Prosthodontists are dental specialists who restore and replace missing teeth and treat other dental disorders to help patients have normal oral functioning, such as chewing and speaking. They also help to improve patients' appearance. The American College of Prosthodontists describes prosthodontists as specialists in "surgical implant placement, the simple to most complex implant supported restorations, laboratory and clinical training in aesthetics/cosmetics, crowns, bridges, veneers, inlays, removable complete and partial dentures, dental implants, temperomandibular joing (TMJ) problems, traumatic injuries to the mouth's structures, and congenital or birth anomalies, as well as oral cancer prosthetic reconstruction and continuing care."

Prosthodontists take impressions and measurements of patients' teeth and jaws to determine the shape and size of dental prostheses that will fit best. They use such things as dental articulators, face bows, and other materials to take these measurements. They may design and create the dental prostheses or they may supervise the dental laboratory workers and technicians who create the dental prostheses. When the prosthetic device is completed, they test it on patients, making adjustments as needed until the patient feels comfortable with the device.

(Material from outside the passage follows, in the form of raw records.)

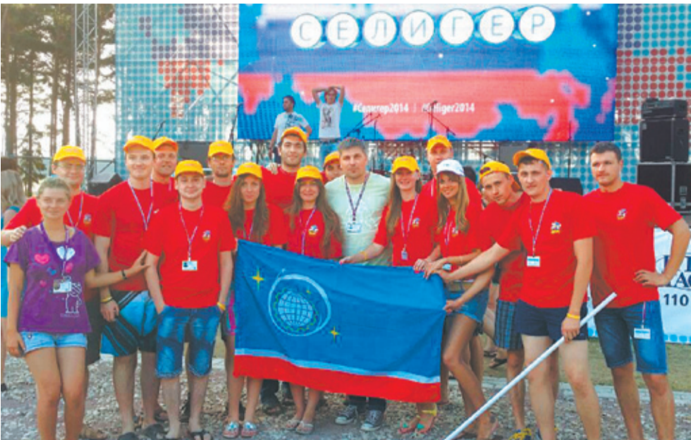
Королёвская делегация на форуме

– Если корпорация будет готова какие-то свои разработки привнести в повседневную жизнь, то, зная запросы экспертной комиссии, зная требования, как готовить проект,
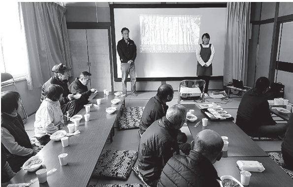
▲小さな拠点「雲海の郷真住」設立総会

個々の集落だけでは解決が困難な、生活機能の維持・確保などの課題に対応するために、複数の集落で協力し合いながら、地域を元気にする取り組みです。安心して暮らし続けられる地域の維持、住民の生活の質の維持・向上のために、持続可能な地域にしていく必要が求められています。
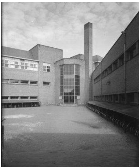
De binnenplaats met de rijwielstallingen

In gemeenteraad van 28 augustus is hier nog enige discussie over. Het blijkt dat ook de inspectie voor plaatsing bij de Ambachtsschool is. B&W voeren aan dat het organisatorisch beter past bij het Nijverheidsonderwijs en vanwege het eerdere argument dat het een theoretische opleiding is. Stemming 10 tegen 9 voor de Nijverheidsschool. De minister was het daar niet mee eens, maar de gemeente hield voet bij stuk. Pas in 1945 kon de Ambachtsschool de cursus aanbieden aan haar scholieren.
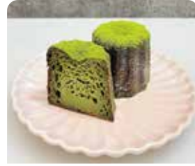
隠れ家カヌレ 西尾抹茶

下道目記町 nuuuuma ☎080-3680-9914 ⑧火・水・木曜日 ①12:00~18:00
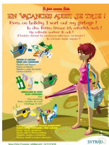
5. TRI / TOURISME
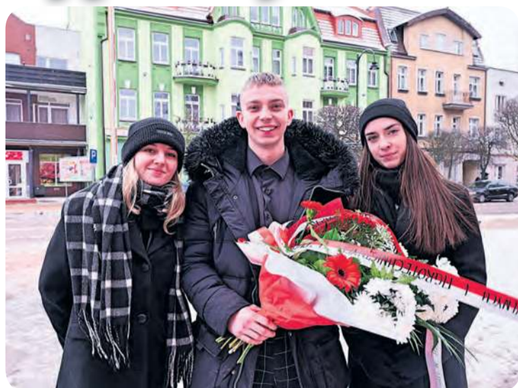
To okazja, którą w Tucholi należy świętować z uśmiechem – podkreślali organizatorzy obchodów powrotu Tucholi w granice Polski.
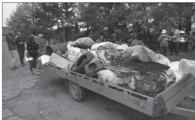
Druhá méně plná vlečka sesbíraných odpadků
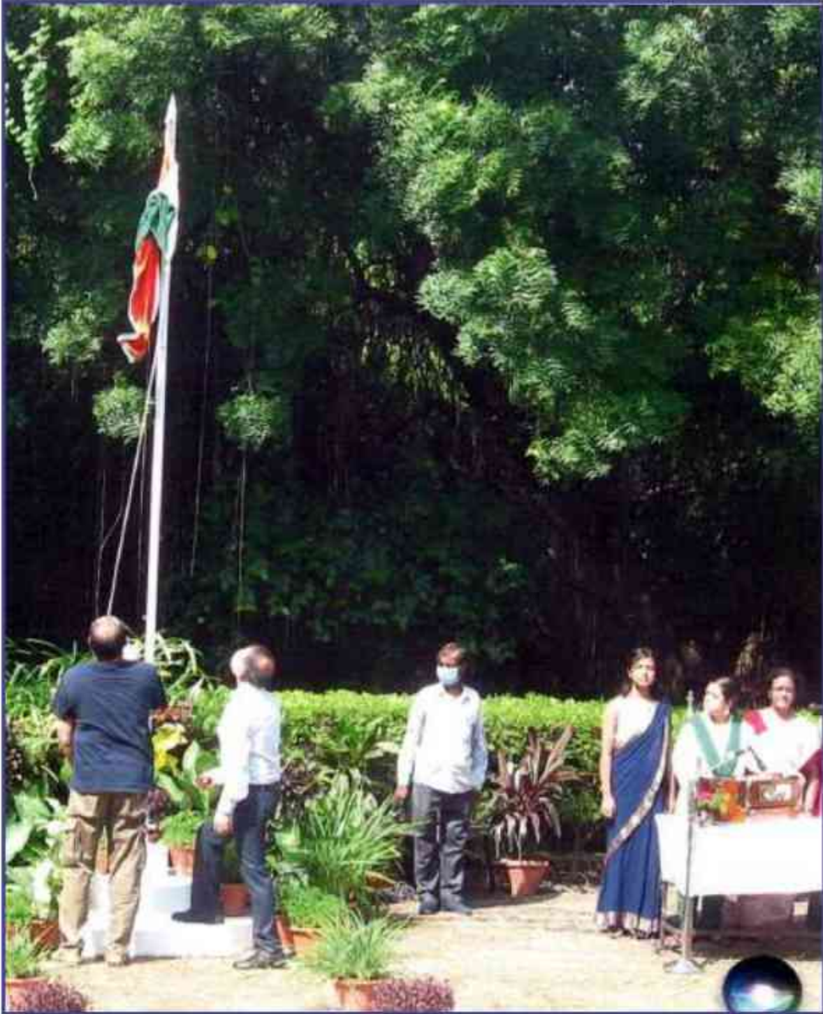
संस्थान में स्वतंत्रता दिवस 2021 के अवसर पर ध्वजारोहण कार्यक्रम का आयोजन। Flag Hoisting Programme in the Institute on the occasion of Independence Day 2021.
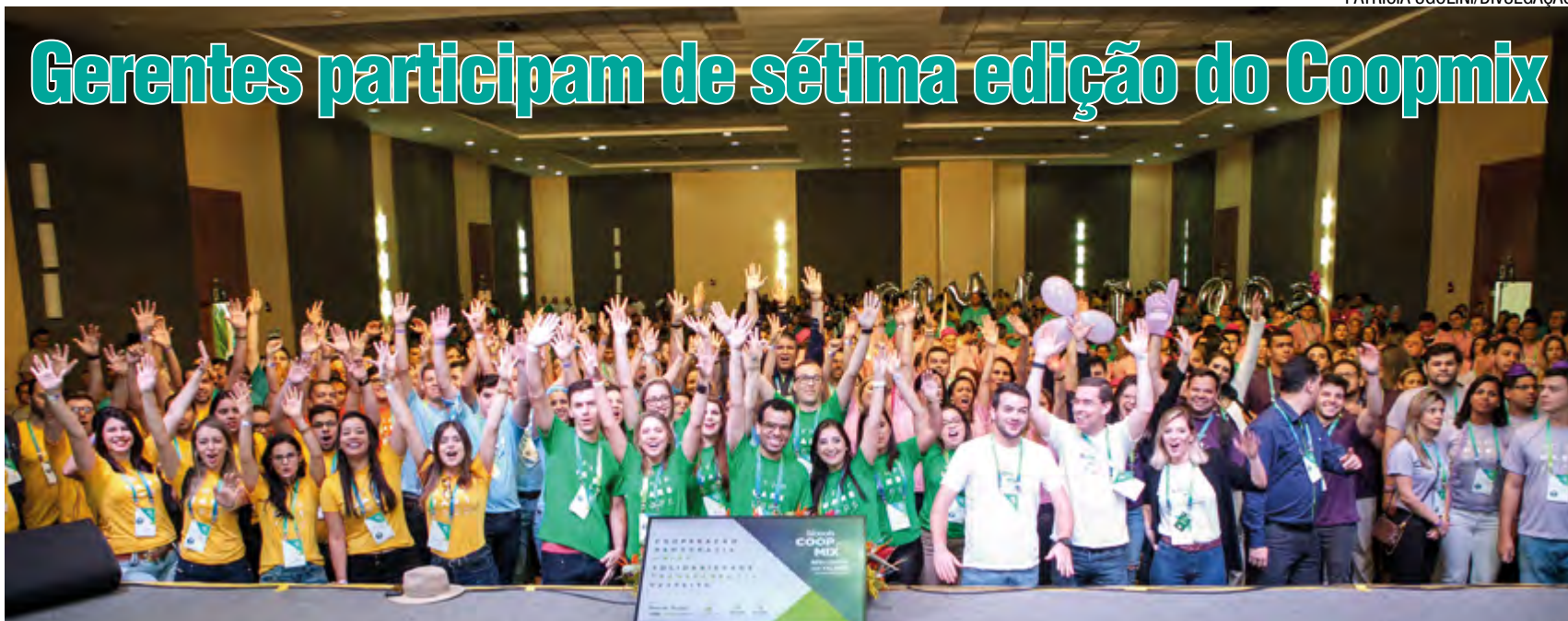
Evento ocorreu em Caeté e reuniu cooperativistas de todo o Estado

Uma vez a cada dois anos, mais de mil profissionais do Sistema Crediminas se reúnem no Coopmix , um evento de interação e aperfeiçoamento profissional que, em 2017, chegou à sétima edição. Sediado no Tauá Resort Caeté, o encontro ocorreu nos dias 24 e 25 de novembro, somando quase 24 horas de atividades entre palestras, painéis de produtos e serviços e até um Quiz do Conhecimento mediado por ninguém menos que o Celso Portliolli.
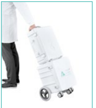
Transport de l'unité/instruments/consommables sur un trolley
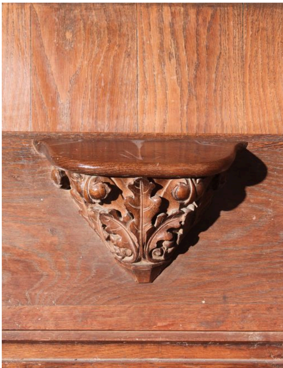
Ensemble avec la stalle du célébrant principal : miséricorde de gauche.
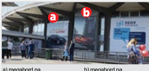
a) megabord na hali 1, 6x6, vinil kom. 150.000 din/kom. b) megabord na hali 1, 4x6, papir kom. 60.000 din/kom.
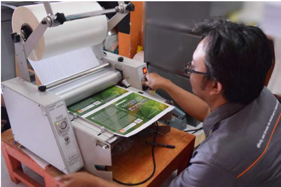
Gambar 4: Proses Produksi di Penerbit Buku
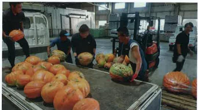
どでカボチャを計量する研究会役員とJA職員

※トリックオアトリートとは…10/31のハロウィンに子どもたちがキャンディやお菓子を貰うために声を揃えて「Trick or Treat!」 トリック と言います。日本語にすると「いたずらされたくないならお菓子をちょうだい!」です。
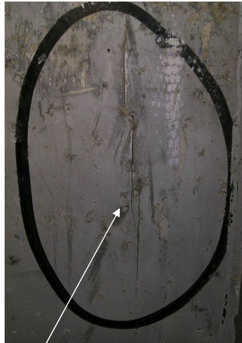
縦方向に発生した亀裂
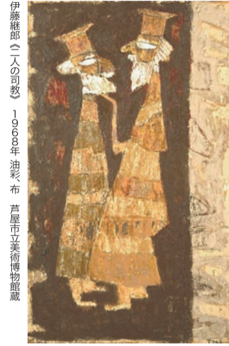
伊藤継郎(二人の司歌) 1968年 油彩 布 芦屋市立美術館蔵

芦屋市立美術館は、1991年の開館以来初となる改修工事を終え、15日(土)にリニューアルオープンする。その記念として特別展「芦屋の美術もつひとつの起点 伊藤継郎」を7月2日(日)まで開催する。
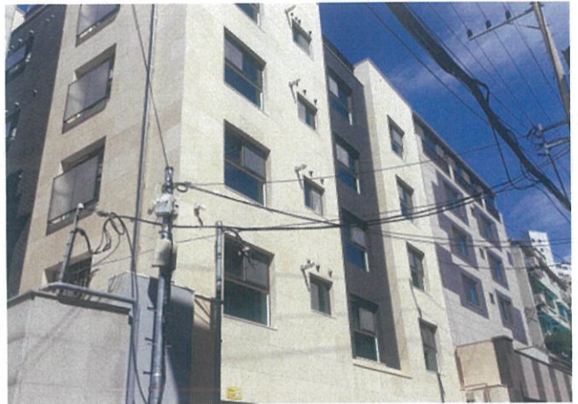
건물 외부 전경
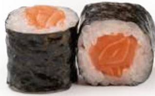
113 HOSOMAKI SALMONE* salmone 8pz € 6,00
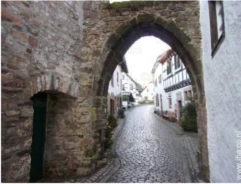
uitzicht op voetgangersgebied
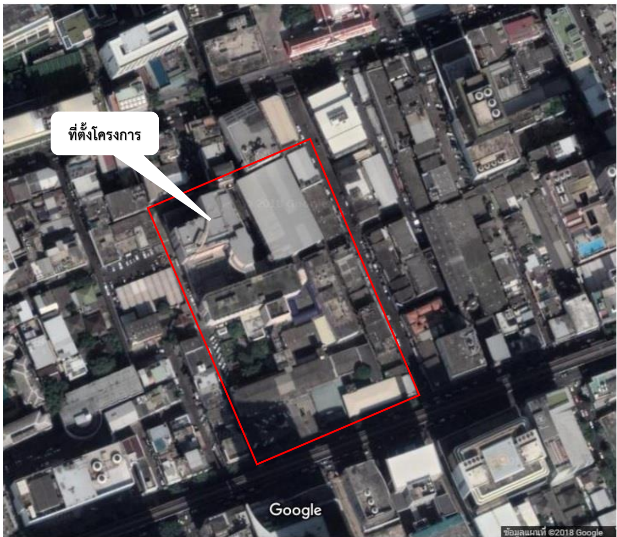
รูปภาพ 1-1 แผนที่โครงการ

8.3 ที่ตั้งโครงการ โรงพยาบาลกรุงเทพคริสเตียน ตั้งอยู่เลขที่ 124 ถนนสีลม แขวงสุริยวงค์ เขตบางรัก จังหวัดกรุงเทพมหานคร ก่อสร้างเมื่อปี พ.ศ.2478 จนถึงปัจจุบัน มีจำนวนเตียงผู้ป่วยค้างคืนทั้งหมด 244 เตียง ดังแสดงในรูปภาพ 1-1
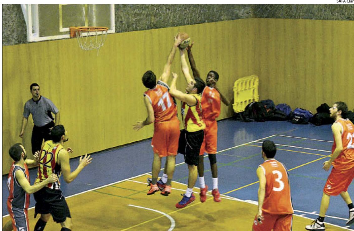
El SAFA, líder del seu grup, té la millor defensa de la lliga

Un objectiu que, malgrat ocupar el primer lloc, no ha variat: "Ara mateix treballem per les quinze victòries que ens permetrien mantenir-nos a Primera i després sí que lluitarem per l'ascens". La clau de l'èxit, a parer seu, és "el compromís i el bon ambient que hi ha a l'equip amb l'afegit que "anar guanyant ajuda". Més enllà d'aquestes virtuts, els números parlen per sí mateixos i el SAFA és l'equip que ha encaixat menys punts: "Tenim la millor defensa de la lliga, som un equip molt sòlid que creixem des de la defensa". En el seu segon any a Primera, el SAFA somia a tornar a Copa on fa cinc temporades hi va ser per darrera vegada. El Vedruna, en canvi, no hi ha jugat mai. No és d'estranyar, doncs, que
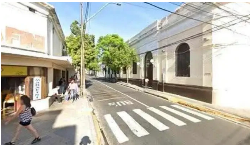
Global credits puntaje
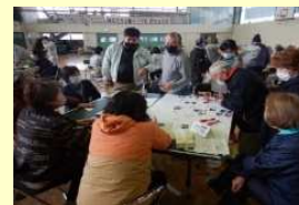
地域のお話合いによる 管理計画づくり
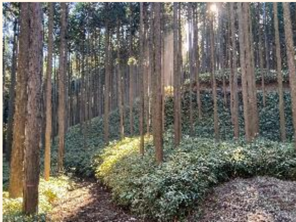
参考：間伐後の森林の様子
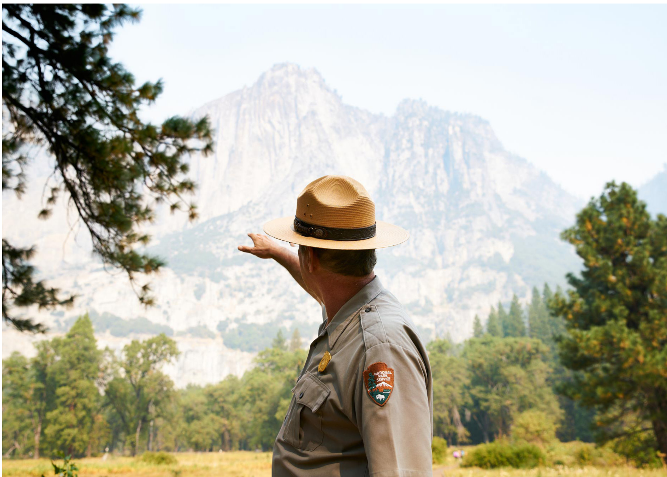
Lorem ipsum dolor sit amet, consectetur adipiscing elit. Aenean commodo ligula eget dolor.
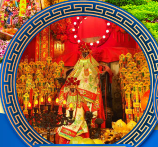
วัดเจ้าแม่กวนอิมฮ่องฮ่า
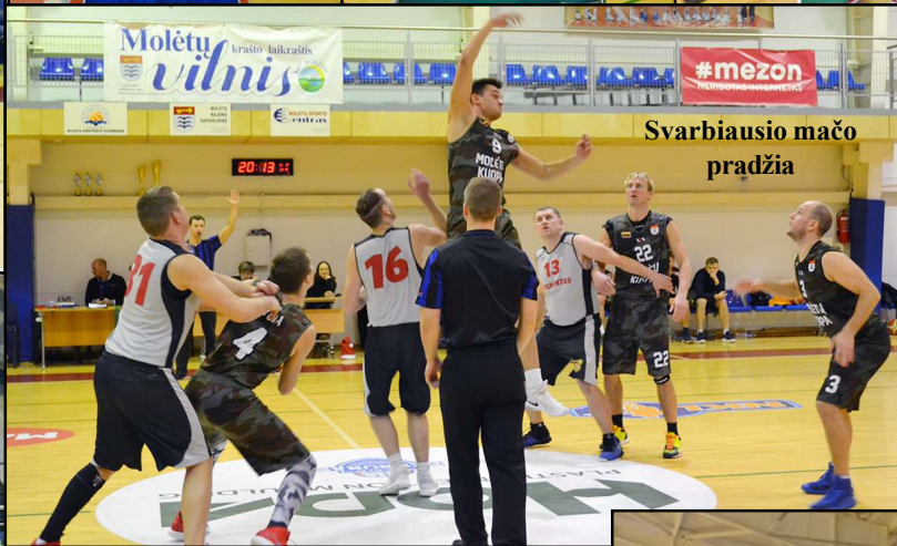
Svarbiausio mačo pradžia
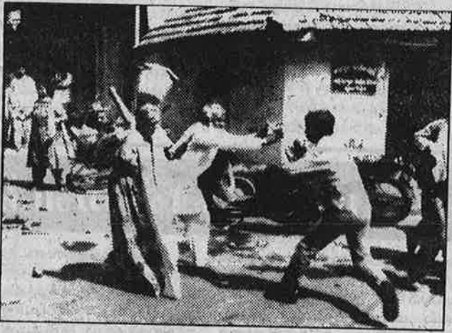
நவபுரா போலீசு நிலையம் அருகிலேயே வயதான முசலிம் தம்பதியினரைத் திரிசூலத்தால் தாக்கும் இந்து மதவெறியர்கள்.

தலைநகரில் உள்ள 10 ஆரம்பப் பள்ளி நிலத்தைக் கைப்பற்ற வீட்டுமனை மாஃபியாக்கள் போட்டி போடுவதும், பள்ளிகள் விற்பனையில் பொது ஏலமுறை அறிவிக்கப்படாமல் அமைச்சரவை மட்டத்திலேயே முடிவு செய்து இலஞ்ச - ஊழல் பழுத்து நாறுவதும் இதையே திருபிக்கின்றன. குறிப்பாக, ராஜ்கோட்டிலுள்ள காந்தி படித்த ஆரம்ப பள்ளியின் மைதான நிலத்தைக் கைப்பற்றி அடுக்குமாடி குடியிருப்பு கட்ட வீட்டுமனை மாஃபியாக்கள் போட்டி போடுவதை அப்பள்ளி ஆசிரியர்களே அம்பலப்படுத்தியுள்ளனர்.

Prosthodontists use permanent fixtures to replace missing teeth and restore other oral structures. they use fixtures such as implant-supported prostheses, crowns and bridges, and also removable devices such as dentures. They also treat patients who have had traumatic injuries to their teeth and jaws or who have diseases or birth defects. They also help patients improve the appearance of their teeth by closing tooth gaps, placing veneers on teeth that have defects, and bleaching and whitening discolored teeth.

The work entails collaborating with dental assistants, technicians, and other dental and medical professionals to develop dental treatment and dental health maintenance plans for patients. Prosthodontists are also responsible for documenting their work, such as writing and maintaining information in patients' files in written and/or electronic form.